我闻到他身上淡淡的雪松香水味,和我袖口上洗不掉的辣椒油味混在一起,让我忽然有些反胃。

贺骁压低声音说:

“看见了吗?这种场合,林总需要的是能陪她上台、陪她谈合作、陪她撑门面的人。”

“不是你这种只会守着锅台的老厨子。”

我侧过脸,看着他。

他今天穿一套深灰色西装,领带夹亮得晃眼。

他嘴角挂着笑,眼睛却直勾勾盯着我。

像是等了很久,终于等到这一刻。

我问他:

“这话,是林知南让你说的?”

贺骁轻轻笑了一声。

“她当然不会这么说。她顾念夫妻情分,给你留面子。”

他停了停,声音更低。

“但周应淮,你该识相。”

“下午的新品发布环节,原来安排你上台讲味型故事,对吧?”

我没说话。

那是我提前准备了半个月的内容。

雾桥小面从重庆老巷子里一间十二平米的小店做起来。

第一锅红油,是我和林知南在出租屋阳台上熬的。

她负责拿小本子记比例,我负责守着锅。

那年冬天,油烟机坏了,我们俩被呛得眼泪直流。

林知南一边咳嗽,一边说:

“应淮,等以后我们有钱了,一定要把这一碗面端到全国去。”

后来,雾桥小面开了二十七家直营店,供应链也搭了起来。

她真的把这碗面端出了重庆。

而我,留在了中央厨房。

我愿意。

因为她喜欢聚光灯,我喜欢灶火。

我们分工清楚。

她在前面讲故事,我在后面把味道守住。

可不知道从什么时候开始,前面的人越来越多,后面只剩我一个。

贺骁看我沉默,笑意更深。

“你不用等了,流程改了。”

“下午那段,由我替林总讲。”

“我会讲品牌年轻化,讲成本优化,讲新一代复合汤底。”

他拍了拍我的肩,力道不重,却很冒犯。

“至于你那套老汤、老锅、老手艺,林总说了,太旧,太慢,不适合今天这种大会。

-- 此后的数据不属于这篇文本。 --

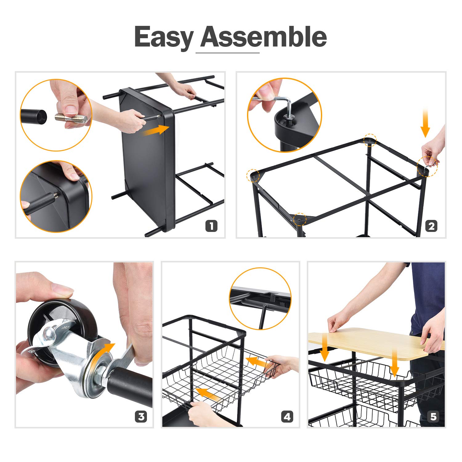 - Instruction manual included in the package provides step by step instructions for assembly. A wonderful kitchen serving cart is completed within just a few minutes, screws and tools are provided.

”

我捏着杯子的手指慢慢收紧。

台上,林知南刚好讲到一句:

“雾桥小面下一阶段的关键词,是标准化、效率化、年轻化。”

台下掌声响起。

贺骁也跟着鼓了两下掌。

他凑在我耳边,最后补了一句:

“周老师,别总拿丈夫身份占位置。”

“林总是要往前走的人。你要是跟不上,就别拖她后腿。”

我把杯子放回桌上。

瓷杯碰到桌面,发出很轻的一声。

旁边几个参会的人看了过来。

我没有动怒,也没有站起来掀桌子。

我只是问他:

“贺骁,你知道雾桥的第一家店在哪吗?”

他一怔,像是没想到我会问这个。

“十八梯附近吧。品牌故事里写过。”

“不是附近。”

我看着台上的林知南,声音很平。

“就在十八梯老街拐角,门口有棵歪脖子黄桷树,隔壁是修鞋摊。下雨天,屋檐漏水,客人吃一碗面,要把脚缩到板凳上。”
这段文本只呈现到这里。